Tenemos un serio problema con los requisitos de los juegos. Estos no siempre son correctos, suelen contener errores de equivalencias, en ocasiones se inventan componentes que no existen, no reflejan bien el rendimiento real y tienen en cuenta el uso de tecnologías de reescalado o de generación de fotogramas cuando no deberían hacerlo.

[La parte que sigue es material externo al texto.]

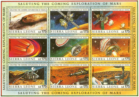 Es gibt einen bekannten Souvenirbogen "Face on Mars" (Marsgesicht) von einem fleissigen afrikanischen Staat. Ich hatte mal in den Staaten einen Sammler getroffen, der seit über 10 Jahren einen echt gebrauchten Souvenirbogen suchte (und damals schon $500 bot dafür). Ich glaube er sucht immer noch wenn er noch lebt...

Para que los requisitos de un juego tengan sentido se debe dar un mínimo de contexto, y como no hay una estandarización en la industria es necesario indicar qué rendimiento se puede esperar con cada nivel de requisitos. Para algunos desarrolladores los requisitos mínimos equivalen a mover el juego en 720p con calidad baja y 30 FPS, y para otros son el mínimo para jugar en 1080p con calidad baja o media a 30 FPS.
Esas diferencias hacen que un juego con el mismo motor gráfico y el mismo nivel de exigencia acabe teniendo requisitos muy diferentes, porque se contextualizan de manera distinta. También hay que considerar a qué escenario se refieren los datos de rendimiento, porque un juego puede rendir muy diferente en un pasillo con pocos enemigos comparado con una zona abierta con muchos enemigos.
También están los errores de equivalencia, que pueden complicar mucho las cosas, y la inclusión del reescalado y la generación de fotogramas en los requisitos. Otras veces los desarrolladores listan configuraciones con combinaciones que no tienen sentido, como procesadores de hace varios años con tarjetas gráficas actuales que sufrirán cuello de botella por la CPU.
WCCFTech ha publicado un artículo muy detallado que profundiza mucho más en el polémico tema de los requisitos mínimos y recomendados en juegos, y hace algunas consideraciones que los desarrolladores debería poner en práctica. Al final, lo mejor para el usuario sería que todas las desarrolladoras lanzasen una demo de sus juegos para que los usuarios puedan ver cómo funcionará el juego en su PC.